■ **Task to carry out**
Without any pictures, print the lines below from the one that has "통상 셀트리온에서 1조정도 터지던 거래대금이 30%정도 감소한 것을 비롯하여" through the one that has "I mercatini di", exactly and nothing else.

■ **Records to use**
=== Section Start ===

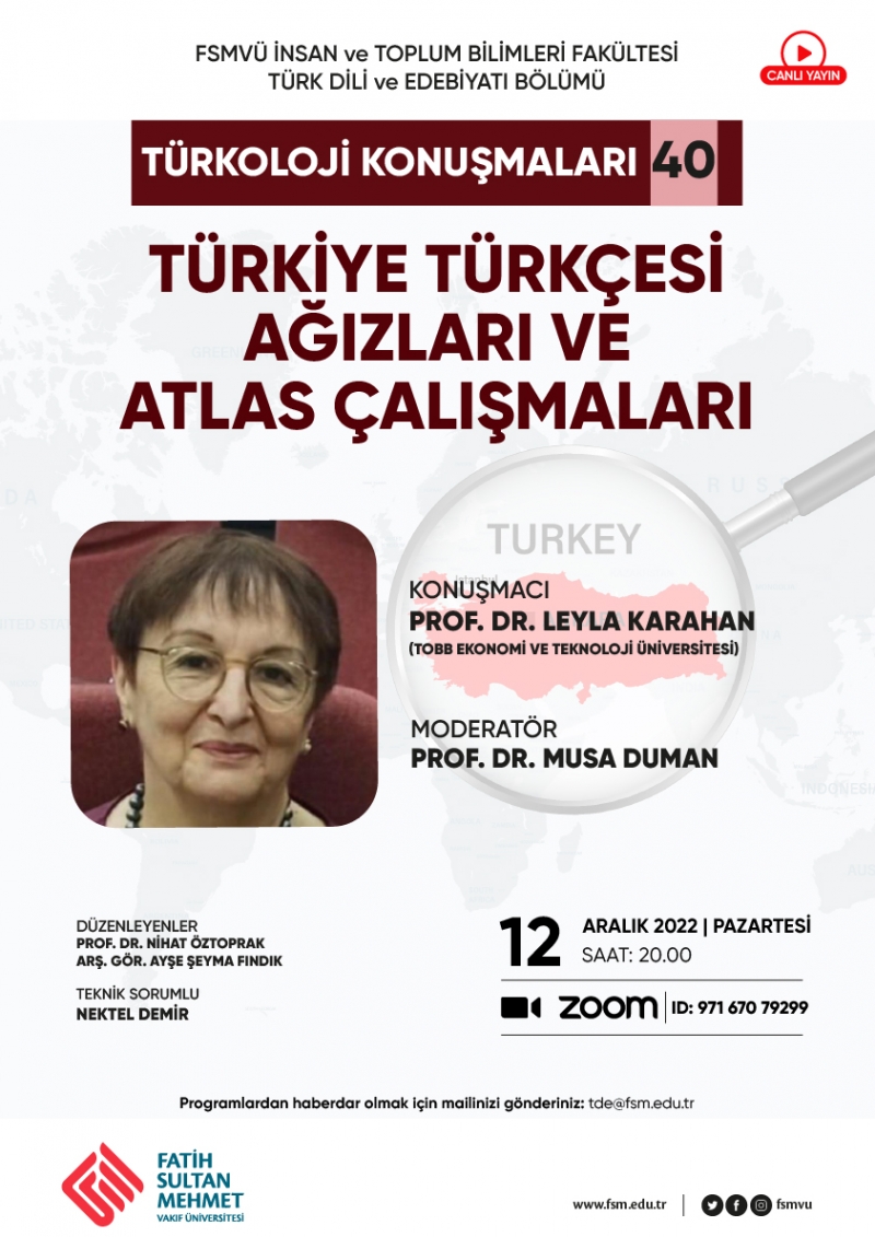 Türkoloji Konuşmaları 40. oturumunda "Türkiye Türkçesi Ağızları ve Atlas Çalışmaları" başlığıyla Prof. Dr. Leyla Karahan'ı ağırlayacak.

=== Section End ===
=== Section Start ===

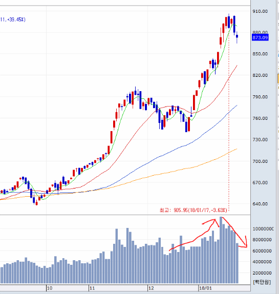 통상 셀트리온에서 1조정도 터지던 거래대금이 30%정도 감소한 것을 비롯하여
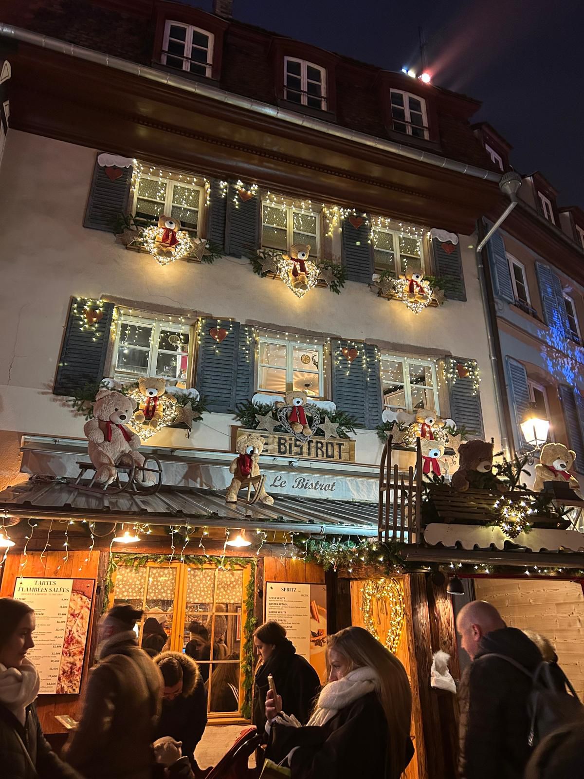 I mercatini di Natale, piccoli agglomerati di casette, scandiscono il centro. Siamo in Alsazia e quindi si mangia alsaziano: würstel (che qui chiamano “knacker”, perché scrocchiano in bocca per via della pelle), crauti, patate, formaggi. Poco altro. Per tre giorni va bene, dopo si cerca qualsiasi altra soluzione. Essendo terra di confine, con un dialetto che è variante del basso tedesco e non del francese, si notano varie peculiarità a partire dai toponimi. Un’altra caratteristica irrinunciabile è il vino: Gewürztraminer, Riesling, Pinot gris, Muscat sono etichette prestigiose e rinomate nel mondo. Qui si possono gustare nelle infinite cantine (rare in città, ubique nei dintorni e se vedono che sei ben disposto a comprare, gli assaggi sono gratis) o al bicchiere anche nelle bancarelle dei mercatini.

=== Section End ===

■ **Your response**
 통상 셀트리온에서 1조정도 터지던 거래대금이 30%정도 감소한 것을 비롯하여
 I mercatini di Natale, piccoli agglomerati di casette, scandiscono il centro. Siamo in Alsazia e quindi si mangia alsaziano: würstel (che qui chiamano “knacker”, perché scrocchiano in bocca per via della pelle), crauti, patate, formaggi. Poco altro. Per tre giorni va bene, dopo si cerca qualsiasi altra soluzione. Essendo terra di confine, con un dialetto che è variante del basso tedesco e non del francese, si notano varie peculiarità a partire dai toponimi. Un’altra caratteristica irrinunciabile è il vino: Gewürztraminer, Riesling, Pinot gris, Muscat sono etichette prestigiose e rinomate nel mondo. Qui si possono gustare nelle infinite cantine (rare in città, ubique nei dintorni e se vedono che sei ben disposto a comprare, gli assaggi sono gratis) o al bicchiere anche nelle bancarelle dei mercatini.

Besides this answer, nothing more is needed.